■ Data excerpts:
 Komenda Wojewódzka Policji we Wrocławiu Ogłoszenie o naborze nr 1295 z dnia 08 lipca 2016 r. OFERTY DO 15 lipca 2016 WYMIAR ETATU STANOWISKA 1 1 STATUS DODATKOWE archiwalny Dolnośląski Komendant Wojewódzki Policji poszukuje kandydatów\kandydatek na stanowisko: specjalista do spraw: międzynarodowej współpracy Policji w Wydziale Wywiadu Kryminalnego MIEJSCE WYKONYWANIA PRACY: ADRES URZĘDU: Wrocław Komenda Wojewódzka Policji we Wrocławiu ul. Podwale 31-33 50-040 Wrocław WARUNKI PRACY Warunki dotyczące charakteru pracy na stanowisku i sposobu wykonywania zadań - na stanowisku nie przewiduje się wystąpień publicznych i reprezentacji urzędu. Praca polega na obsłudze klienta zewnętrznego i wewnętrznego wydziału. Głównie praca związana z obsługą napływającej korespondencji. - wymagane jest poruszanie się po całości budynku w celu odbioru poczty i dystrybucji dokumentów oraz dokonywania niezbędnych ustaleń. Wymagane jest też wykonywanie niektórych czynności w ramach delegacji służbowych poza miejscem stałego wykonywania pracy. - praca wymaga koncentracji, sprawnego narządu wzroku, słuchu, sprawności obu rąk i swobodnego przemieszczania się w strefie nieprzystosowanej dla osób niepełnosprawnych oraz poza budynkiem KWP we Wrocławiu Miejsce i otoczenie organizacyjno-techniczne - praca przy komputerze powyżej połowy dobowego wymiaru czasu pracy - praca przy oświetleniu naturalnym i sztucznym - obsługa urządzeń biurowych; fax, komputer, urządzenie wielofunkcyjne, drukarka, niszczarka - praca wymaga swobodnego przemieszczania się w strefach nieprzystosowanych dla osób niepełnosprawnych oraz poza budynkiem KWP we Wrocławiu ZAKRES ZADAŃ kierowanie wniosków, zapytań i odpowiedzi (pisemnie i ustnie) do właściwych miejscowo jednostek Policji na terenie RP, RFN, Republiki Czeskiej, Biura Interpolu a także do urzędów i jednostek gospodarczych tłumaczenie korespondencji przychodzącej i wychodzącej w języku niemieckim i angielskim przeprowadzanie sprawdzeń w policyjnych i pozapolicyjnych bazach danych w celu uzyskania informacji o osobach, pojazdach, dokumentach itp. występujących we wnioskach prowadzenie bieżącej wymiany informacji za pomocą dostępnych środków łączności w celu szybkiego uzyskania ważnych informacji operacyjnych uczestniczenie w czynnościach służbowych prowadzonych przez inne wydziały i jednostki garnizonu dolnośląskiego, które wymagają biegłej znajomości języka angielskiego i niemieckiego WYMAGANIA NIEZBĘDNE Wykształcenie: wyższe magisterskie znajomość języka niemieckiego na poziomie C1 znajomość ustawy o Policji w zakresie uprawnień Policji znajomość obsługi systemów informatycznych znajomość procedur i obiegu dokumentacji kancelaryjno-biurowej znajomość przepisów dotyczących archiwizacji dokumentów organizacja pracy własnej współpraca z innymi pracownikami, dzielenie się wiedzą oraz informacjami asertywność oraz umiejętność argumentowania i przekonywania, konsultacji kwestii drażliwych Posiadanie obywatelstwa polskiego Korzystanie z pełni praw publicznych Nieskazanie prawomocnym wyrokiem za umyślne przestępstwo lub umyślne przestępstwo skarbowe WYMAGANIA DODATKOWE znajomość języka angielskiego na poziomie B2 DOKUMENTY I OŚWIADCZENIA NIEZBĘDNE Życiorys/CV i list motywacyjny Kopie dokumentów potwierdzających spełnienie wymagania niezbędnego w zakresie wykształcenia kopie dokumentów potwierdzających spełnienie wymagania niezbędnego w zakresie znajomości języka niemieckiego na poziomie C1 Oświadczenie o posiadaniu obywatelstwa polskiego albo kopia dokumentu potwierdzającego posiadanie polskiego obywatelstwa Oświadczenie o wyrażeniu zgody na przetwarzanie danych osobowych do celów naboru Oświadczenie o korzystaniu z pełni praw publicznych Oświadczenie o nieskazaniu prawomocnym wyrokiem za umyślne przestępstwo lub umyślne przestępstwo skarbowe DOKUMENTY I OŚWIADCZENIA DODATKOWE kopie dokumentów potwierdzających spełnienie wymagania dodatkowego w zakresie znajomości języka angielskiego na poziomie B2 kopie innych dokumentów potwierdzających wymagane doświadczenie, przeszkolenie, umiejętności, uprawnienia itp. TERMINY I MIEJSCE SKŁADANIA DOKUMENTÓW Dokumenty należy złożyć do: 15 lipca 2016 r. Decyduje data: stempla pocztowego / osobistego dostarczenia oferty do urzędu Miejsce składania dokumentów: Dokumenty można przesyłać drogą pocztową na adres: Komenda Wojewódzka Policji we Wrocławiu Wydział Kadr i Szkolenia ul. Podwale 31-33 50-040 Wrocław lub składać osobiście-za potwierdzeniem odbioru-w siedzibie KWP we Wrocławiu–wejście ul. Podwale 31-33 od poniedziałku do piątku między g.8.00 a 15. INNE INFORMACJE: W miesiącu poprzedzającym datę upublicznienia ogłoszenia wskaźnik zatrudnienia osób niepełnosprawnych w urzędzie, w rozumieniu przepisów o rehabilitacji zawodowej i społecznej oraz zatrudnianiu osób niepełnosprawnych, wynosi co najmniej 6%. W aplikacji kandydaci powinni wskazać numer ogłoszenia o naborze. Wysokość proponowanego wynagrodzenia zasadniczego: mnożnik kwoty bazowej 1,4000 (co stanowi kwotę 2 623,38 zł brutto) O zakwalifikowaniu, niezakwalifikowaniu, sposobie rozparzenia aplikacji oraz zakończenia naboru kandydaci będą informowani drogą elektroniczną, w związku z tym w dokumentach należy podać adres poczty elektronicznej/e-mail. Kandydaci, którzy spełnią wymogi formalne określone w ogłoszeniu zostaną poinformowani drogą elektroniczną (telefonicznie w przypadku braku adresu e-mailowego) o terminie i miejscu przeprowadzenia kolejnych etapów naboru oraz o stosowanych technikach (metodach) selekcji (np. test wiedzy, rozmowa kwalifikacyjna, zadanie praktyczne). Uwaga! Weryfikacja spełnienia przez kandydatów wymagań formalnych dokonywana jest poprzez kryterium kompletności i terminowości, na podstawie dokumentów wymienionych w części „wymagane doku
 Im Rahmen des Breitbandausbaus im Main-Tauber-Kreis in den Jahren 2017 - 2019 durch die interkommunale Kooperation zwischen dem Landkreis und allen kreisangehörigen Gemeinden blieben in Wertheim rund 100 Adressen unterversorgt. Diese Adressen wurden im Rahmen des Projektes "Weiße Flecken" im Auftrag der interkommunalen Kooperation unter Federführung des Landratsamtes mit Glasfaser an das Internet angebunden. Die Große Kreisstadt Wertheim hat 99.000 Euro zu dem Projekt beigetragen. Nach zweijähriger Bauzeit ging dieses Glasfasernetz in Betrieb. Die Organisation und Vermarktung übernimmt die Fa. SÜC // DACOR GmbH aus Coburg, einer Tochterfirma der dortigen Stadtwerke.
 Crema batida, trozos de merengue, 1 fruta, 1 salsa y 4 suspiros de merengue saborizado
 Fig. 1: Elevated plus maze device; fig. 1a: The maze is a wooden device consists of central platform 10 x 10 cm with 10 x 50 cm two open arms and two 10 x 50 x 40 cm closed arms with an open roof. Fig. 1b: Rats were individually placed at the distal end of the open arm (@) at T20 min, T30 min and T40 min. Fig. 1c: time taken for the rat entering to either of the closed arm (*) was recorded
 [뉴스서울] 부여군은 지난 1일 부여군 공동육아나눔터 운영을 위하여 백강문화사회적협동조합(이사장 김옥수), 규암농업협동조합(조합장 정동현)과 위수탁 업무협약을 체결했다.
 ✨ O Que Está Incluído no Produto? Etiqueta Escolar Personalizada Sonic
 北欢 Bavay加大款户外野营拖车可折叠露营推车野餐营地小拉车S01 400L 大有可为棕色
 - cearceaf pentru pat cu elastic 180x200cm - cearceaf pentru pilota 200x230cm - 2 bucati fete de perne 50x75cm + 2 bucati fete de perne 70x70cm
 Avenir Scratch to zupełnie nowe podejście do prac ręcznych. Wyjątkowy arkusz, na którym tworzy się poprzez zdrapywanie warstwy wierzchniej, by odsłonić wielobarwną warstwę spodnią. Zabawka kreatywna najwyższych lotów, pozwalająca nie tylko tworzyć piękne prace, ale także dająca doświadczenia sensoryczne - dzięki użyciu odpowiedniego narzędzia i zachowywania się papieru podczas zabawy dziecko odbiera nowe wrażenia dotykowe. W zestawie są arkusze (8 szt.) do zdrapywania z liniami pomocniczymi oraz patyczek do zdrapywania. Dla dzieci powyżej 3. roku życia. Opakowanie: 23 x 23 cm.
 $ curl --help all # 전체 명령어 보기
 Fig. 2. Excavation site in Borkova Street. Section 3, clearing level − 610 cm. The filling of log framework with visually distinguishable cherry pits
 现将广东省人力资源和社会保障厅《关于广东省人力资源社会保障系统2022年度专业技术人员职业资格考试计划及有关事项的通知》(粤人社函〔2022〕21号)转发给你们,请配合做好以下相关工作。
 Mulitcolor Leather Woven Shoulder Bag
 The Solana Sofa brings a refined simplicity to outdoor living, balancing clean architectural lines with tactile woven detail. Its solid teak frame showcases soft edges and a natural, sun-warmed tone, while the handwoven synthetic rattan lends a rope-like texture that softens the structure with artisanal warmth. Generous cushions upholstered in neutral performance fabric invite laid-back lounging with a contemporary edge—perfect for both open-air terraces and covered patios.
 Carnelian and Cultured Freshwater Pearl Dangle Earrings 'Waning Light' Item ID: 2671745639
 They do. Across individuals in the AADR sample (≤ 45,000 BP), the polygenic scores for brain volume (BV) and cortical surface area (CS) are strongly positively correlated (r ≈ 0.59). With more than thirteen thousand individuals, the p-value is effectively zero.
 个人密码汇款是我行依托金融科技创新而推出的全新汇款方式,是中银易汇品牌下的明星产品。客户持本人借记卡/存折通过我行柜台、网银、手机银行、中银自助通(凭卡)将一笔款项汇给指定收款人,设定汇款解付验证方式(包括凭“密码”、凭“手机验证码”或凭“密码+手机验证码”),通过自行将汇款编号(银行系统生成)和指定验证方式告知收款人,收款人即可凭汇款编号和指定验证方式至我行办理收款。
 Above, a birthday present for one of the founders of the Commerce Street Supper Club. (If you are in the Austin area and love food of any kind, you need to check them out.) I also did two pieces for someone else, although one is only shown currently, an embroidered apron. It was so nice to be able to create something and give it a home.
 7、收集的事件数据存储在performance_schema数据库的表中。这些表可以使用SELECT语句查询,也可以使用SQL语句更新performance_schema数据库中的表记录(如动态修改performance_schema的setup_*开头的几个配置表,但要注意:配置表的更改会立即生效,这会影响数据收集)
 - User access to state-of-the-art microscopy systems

■ Required work: Begin with the line above that has "北欢 Bavay加大款户外野营拖车可折叠露营推车野餐营地小拉车S01 400L" and continue through the line that has "Mulitcolor Leather Woven Shoulder Bag", setting each one down exactly. Stop there.

■ Answer section:
 北欢 Bavay加大款户外野营拖车可折叠露营推车野餐营地小拉车S01 400L 大有可为棕色
 - cearceaf pentru pat cu elastic 180x200cm - cearceaf pentru pilota 200x230cm - 2 bucati fete de perne 50x75cm + 2 bucati fete de perne 70x70cm
 Avenir Scratch to zupełnie nowe podejście do prac ręcznych. Wyjątkowy arkusz, na którym tworzy się poprzez zdrapywanie warstwy wierzchniej, by odsłonić wielobarwną warstwę spodnią. Zabawka kreatywna najwyższych lotów, pozwalająca nie tylko tworzyć piękne prace, ale także dająca doświadczenia sensoryczne - dzięki użyciu odpowiedniego narzędzia i zachowywania się papieru podczas zabawy dziecko odbiera nowe wrażenia dotykowe. W zestawie są arkusze (8 szt.) do zdrapywania z liniami pomocniczymi oraz patyczek do zdrapywania. Dla dzieci powyżej 3. roku życia. Opakowanie: 23 x 23 cm.
 $ curl --help all # 전체 명령어 보기
 Fig. 2. Excavation site in Borkova Street. Section 3, clearing level − 610 cm. The filling of log framework with visually distinguishable cherry pits
 现将广东省人力资源和社会保障厅《关于广东省人力资源社会保障系统2022年度专业技术人员职业资格考试计划及有关事项的通知》(粤人社函〔2022〕21号)转发给你们,请配合做好以下相关工作。
 Mulitcolor Leather Woven Shoulder Bag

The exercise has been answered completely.